I wake up with a list of self-improvement action items I’d like to complete during the day. I really want to do them, but I end up doing almost nothing about them. Why? Too much motivation.

Over-motivation is deadly; it can even impede the attainment of ordinary goals. You become so motivated that it becomes impossible to sit down (or go out) and get to work. You want to do everything at once; however, since that is impossible, you end up doing nothing instead. It’s an “all or nothing” kind of feeling. And it’s bad.

The energy flows in your veins like abounding electricity generated by vast amounts of fossil fuel. You may even feel like a nuclear power plant. But the electricity you are generating is going to waste. Your mind is flooded with ideas, plans, and objectives that seem so achievable, within a hand’s reach. But these achievable objectives are like mirages in deserts. The overdose of motivation makes you run towards the oasis, but when you get there, there’s nothing but hot sand colored by the blazing sun.

In a Flight of Starlings: The Wonders of Complex Systems Book Review

January 15, 2024: In a Flight of Starlings

Earlier today, I finished reading Giorgio Parisi’s In a Flight of Starlings: The Wonders of Complex Systems. Honestly, I expected it to be a little more potent. If we can compare an Italian scientist to an Italian scientist, it could have at least been as good as Carlo Rovelli’s Helgoland: The Strange and Beautiful Story of Quantum Physics. But it wasn’t.

Yet, Parisi’s book is filled with aha moments. To read it is not a waste of time. The doors open, and we enter the mind of a physicist from the back door. This is what happens behind the scenes. This is how scientists think.

And it seems to me now that all good scientists are somewhat into literature and/or philosophy. The references I come across in their books are enough to prove me right.

So, it turns out, only pseudo-scientists who lack creativity say, “Philosophy is dead.” And their statement can also be considered true because, in them, philosophy is dead.

Reading In a Flight of Starlings reminds us of something we tend to forget: There’s poetry everywhere, even in physics.

Before I close this entry, here are two quotes from Giorgio Parisi’s book:

“The physicist sometimes uses mathematics ungrammatically; not following all the rules of grammar is a license that we grant to poets.”
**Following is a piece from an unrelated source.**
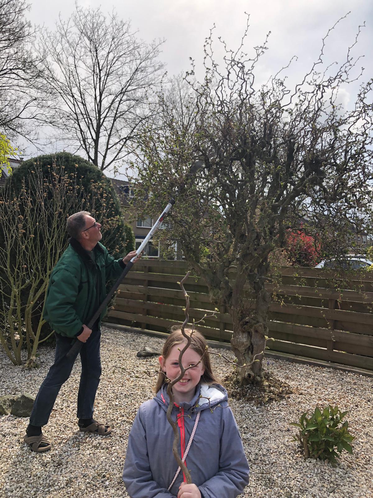 Na de lunch gaan Johan en Ella nog even langs bij Johan zijn ouders en krijgen ze prachtige paastakken mee. Staat weer gezellig!

“In the sciences as in poetry, there is hardly a trace in the finished product of the arduous work that the creative process has demanded, or the doubts and hesitations that have been overcome in order to achieve it.”

Beirut, Lebanon. Sunset.

November 29, 2023: A Comment on “Life Has No Meaning”

“Life has no meaning,” people say as if they’ve uncovered the only truth worth uncovering. In their eyes, I see no hope. I see nothing but Death wearing a hedonist’s cloak.
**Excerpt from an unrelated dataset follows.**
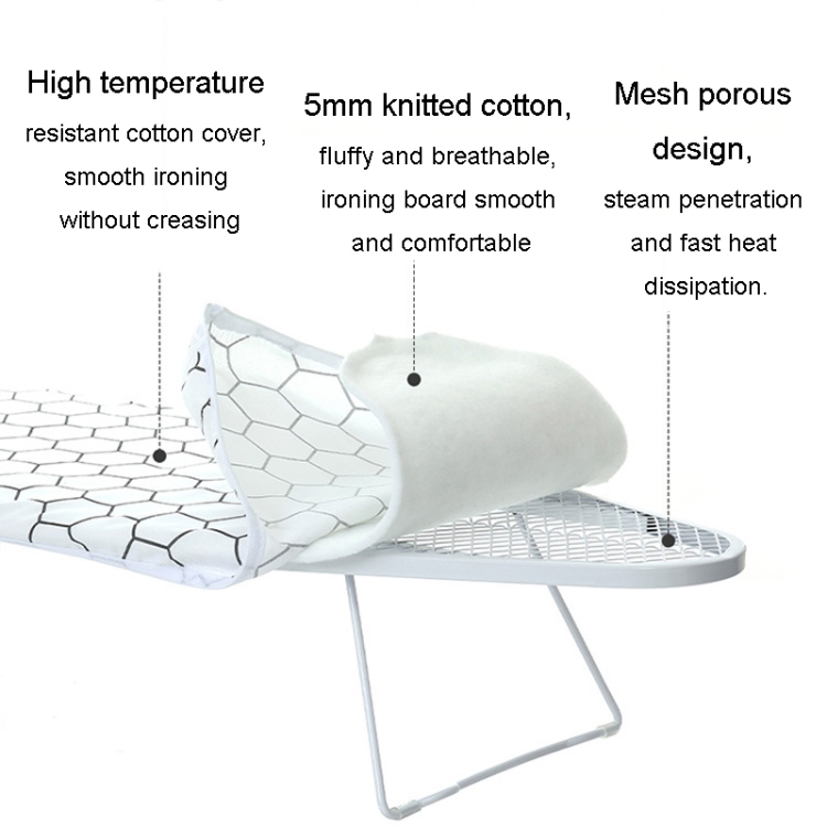 4. Heat-resistant cotton cloth cover, smooth ironing without pleating, 5 mm knitted cotton, fluffy and breathable, flat ironing board, mesh porous design, steam penetration and fast heat dissipation

Who are these people anyway? They behave towards the word “meaning” the same way atheists behave towards the word “God.” They say that there’s no evidence, that no such thing can objectively exist, and so on. When I’m with them, I am not surprised when I hear things like, “If it isn’t objective, it isn’t worthy.”

But why would anyone undervalue their subjectivity? Don’t they know it’s the only way they can experience the world?

“Life has no meaning,” they say in a concluding tone, without realizing that discovering the absurd is a beginning rather than an end.

Yes, the universe may be meaningless and irrational. And, most of the time, that is how I feel it is. But the universe’s meaninglessness cannot be the last discovery one makes.

Absurdism cannot be, like most philosophies, a conclusion. On the contrary, it must initiate something in the heart of man. The one struck by the absurd must be triggered to act on something. He is bound to become Sisyphus – and Sisyphus never stops “working.”

The absurdist will say, “Now that I am aware that life has no meaning, I must do something about it and keep doing it until the end.”

*****

But it is useful to note at the same time that the absurd, hitherto taken as a conclusion, is considered in this essay as a starting point.